Overeenkomstig de vordering van de advocaat-generaal acht het hof het primair ten laste gelegde niet bewezen, nu niet blijkt van enig opzet aan de zijde van verdachte op het toebrengen van (zwaar) lichamelijk letsel aan aangever.
Anders dan de advocaat-generaal acht het hof het subsidiair ten laste gelegde evenmin bewezen. Vaststaat dat verdachte opzettelijk heeft gehandeld door onverwachts zijn been achter de benen van aangever te haken. Gelet op alle voorhanden zijnde verklaringen, beschouwd in onderling verband en samenhang, is het hof - mede bezien in het licht van de omstandigheid dat verdachte met dit beentje haken de aanzet tot een stoeipartij met aangever wilde geven - van oordeel dat de door aangever ten gevolge van dit voorval opgelopen breuk in zijn bovenarm moet worden aangemerkt als een ongelukkige samenloop van omstandigheden. Uit de beschreven gang van zaken, die heeft geleid tot de val van aangever en de daardoor ontstane bovenarmbreuk kan niet worden afgeleid, dat verdachte het opzet heeft gehad - ook niet in voorwaardelijke vorm - op het toebrengen van pijn en/of letsel. Derhalve kan verdachte strafrechtelijk niet verantwoordelijk worden gehouden voor dit voorval.

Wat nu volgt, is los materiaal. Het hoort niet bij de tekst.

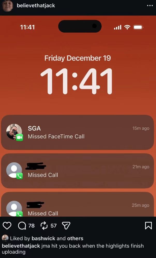 不久前森林狼击败雷霆队,让亚历山大吃到了他最近一周内的第二场败仗。 不过在比赛结束之后,爱德华兹在社交媒体上发布了一张有趣的图片。 图中能够看到,SGA正在试图邀请他进行视频聊天。 对此爱德华兹配文到,稍等一下,等位把今天比赛的精彩集锦都上传完了,我马上就给你回过去。 爱德华兹在和雷霆比赛最后的一攻两防,最终彻底锁定了胜局。尤其是对亚历山大的封盖,视觉效果直接拉满。 所以在爱德华兹社交媒体的下面留言中,很多人都表示,如果接了视频,亚历山大第一句一定会是:嗨,兄弟,你也太不给面子了!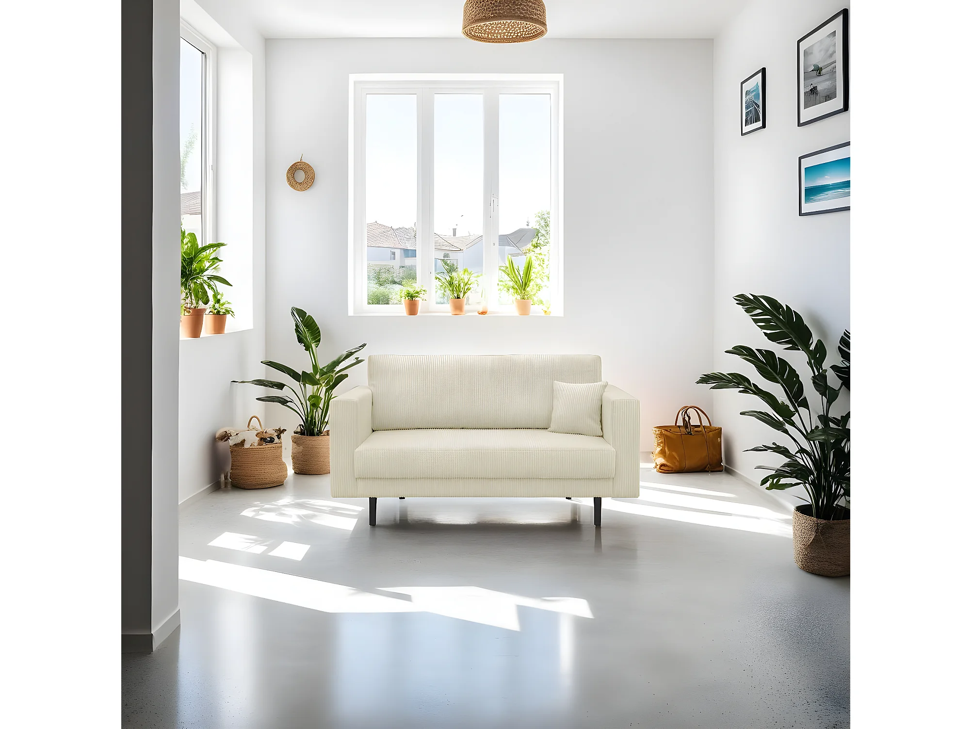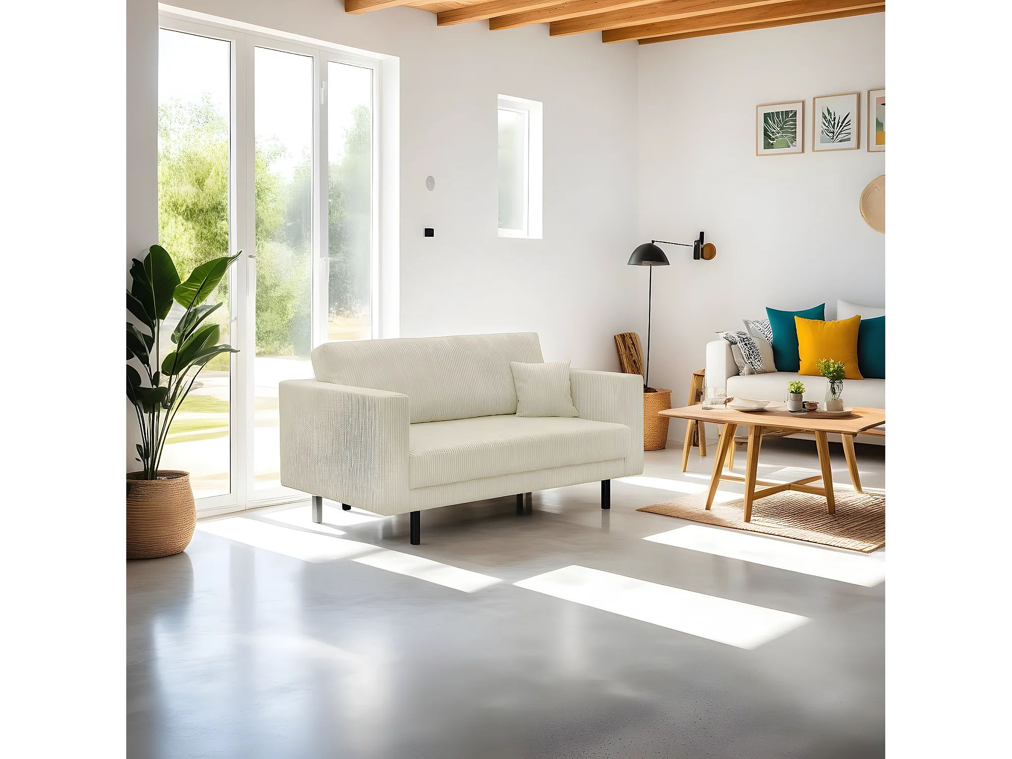 Canapé 2 places vintage en velours côtelé Beige - Pia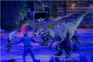 Jurassic World comes to life against a backdrop of captivating scenery where dinosaurs from the iconic franchise, including fan-favorite Blue the Velociraptor and the Tyrannosaurus rex, take the stage. The production features more than 24 film-accurate, life-sized dinosaurs, with scale, speed and ferocity, operated by animatronics and performers. Fans of the popular Netflix animated series Jurassic World: Camp Cretaceous will also recognize Bumpy, the friendly and food motivated dinosaur, as she goes from baby to adult fairly quickly.

Gelet op het vorenstaande zal het hof verdachte vrijspreken van zowel het primair als het subsidiair ten laste gelegde.
De uitspraak
HET HOF,
RECHT DOENDE OP HET HOGER BEROEP:
vernietigt het vonnis, waarvan beroep, en opnieuw recht doende:
verklaart het verdachte primair en subsidiair ten laste gelegde niet bewezen en spreekt hem daarvan vrij;
Dit arrest is aldus gewezen door mr. A.J. Rietveld, voorzitter, mr. S.H. Wachter en mr. D.V.E.M. van der Wiel-Rammeloo, in tegenwoordigheid van J.B. Schwerzel als griffier.